Listing and Filtering EC2 Instances

The EC2 resource makes it easy to filter running instances using the same filter syntax the AWS CLI accepts.

import boto3

ec2 = boto3.resource('ec2')

# Get all running instances with a specific tag
running_instances = ec2.instances.filter(
    Filters=[
        {'Name': 'instance-state-name', 'Values': ['running']},
        {'Name': 'tag:Environment',      'Values': ['production']}
    ]
)

for instance in running_instances:
    print(f"ID: {instance.id}  Type: {instance.instance_type}  "
          f"IP: {instance.public_ip_address}")

Reading and Writing Items in DynamoDB

DynamoDB's resource interface gives you a clean Table object with straightforward put_item, get_item, and query methods. The SDK handles marshaling Python types to DynamoDB attribute types automatically.

import boto3

dynamodb = boto3.resource('dynamodb')
table = dynamodb.Table('Users')

# Write an item
table.put_item(Item={
    'UserId':  'user-001',
    'Name':    'Alex Rivera',
    'Email':   '[email protected]',
    'Active':  True
})

# Read an item back by its primary key
response = table.get_item(Key={'UserId': 'user-001'})
user = response.get('Item')

if user:
    print(f"Name: {user['Name']}, Email: {user['Email']}")

Warning

DynamoDB's query and scan operations can also return paginated results when a table is large. Use a paginator or check for a LastEvaluatedKey in the response to ensure you retrieve all matching items, not just the first page.

Key Takeaways

Boto3 requires Python 3.10 or later as of the current version. Set up credentials through aws configure or IAM roles before writing any SDK code.
Use the client interface for full API coverage and the resource interface for cleaner, object-oriented code with automatic pagination. Both can be used together in the same script through resource.meta.client.
Always use paginators for list operations. AWS APIs cap the number of results per response, and skipping pagination means your code silently misses data beyond the first page.
Waiters handle asynchronous operations cleanly. They eliminate manual polling loops and raise exceptions automatically when an operation fails or times out.
Avoid hardcoding credentials in code. Use IAM roles for resources running on AWS, and the shared credentials file or environment variables for local development.

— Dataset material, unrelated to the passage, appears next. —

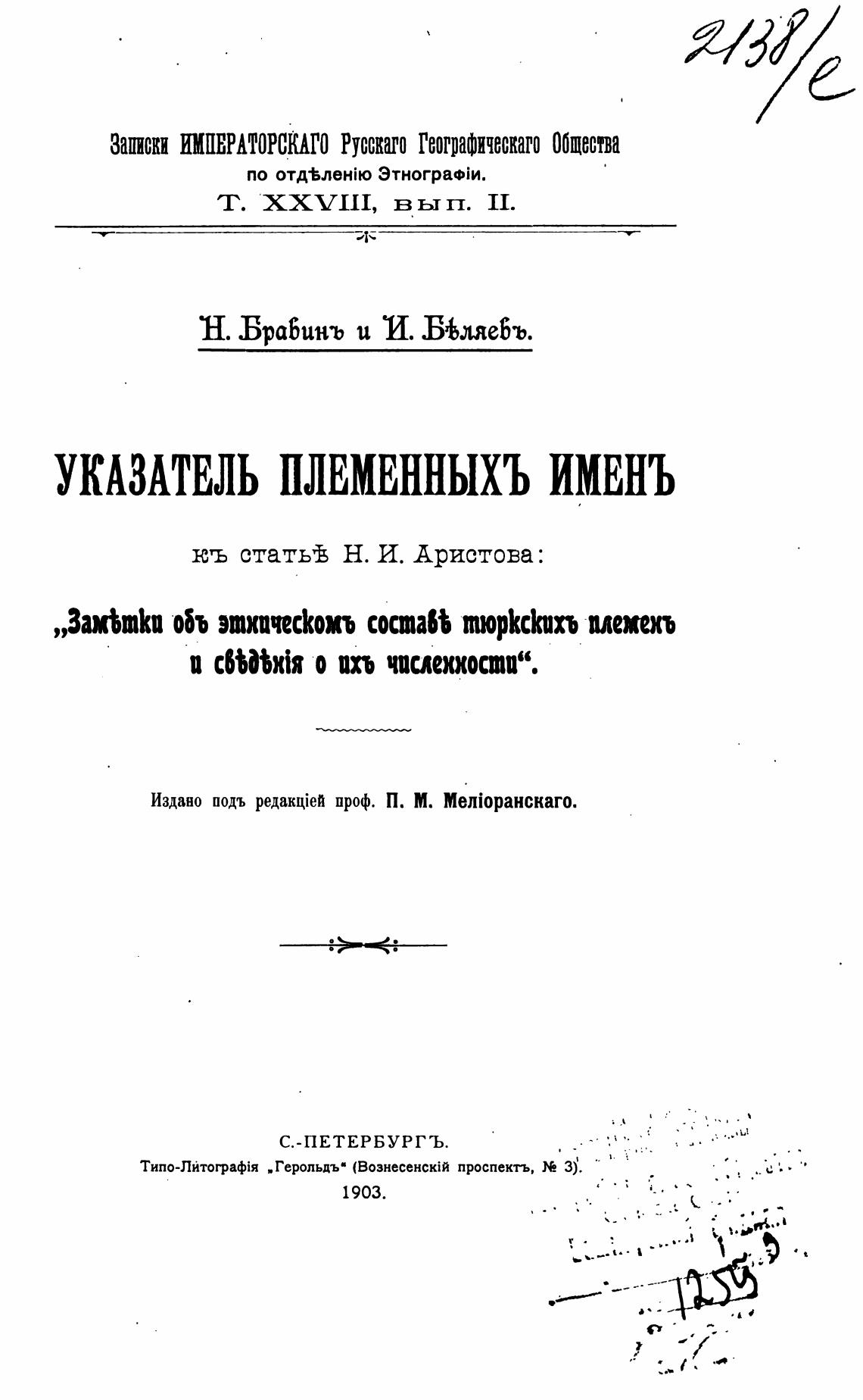 „3амЪтКп объ этничесКомъ состабђ тюрКсКихъ влепл
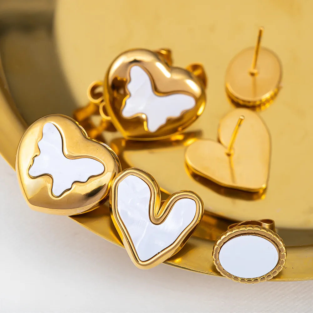 1 Pair Casual Simple Style Round Heart Shape Butterfly Inlay 304 Stainless Steel Shell Ear Studs

Boto3 is the foundation for almost any Python-based AWS automation task. Once you are comfortable with the client and resource patterns, paginators, and waiters covered here, you have the core knowledge needed to work with any of the hundreds of services the SDK supports. The official Boto3 documentation is well-maintained and worth bookmarking—each service page lists every available method, paginator, and waiter along with code examples.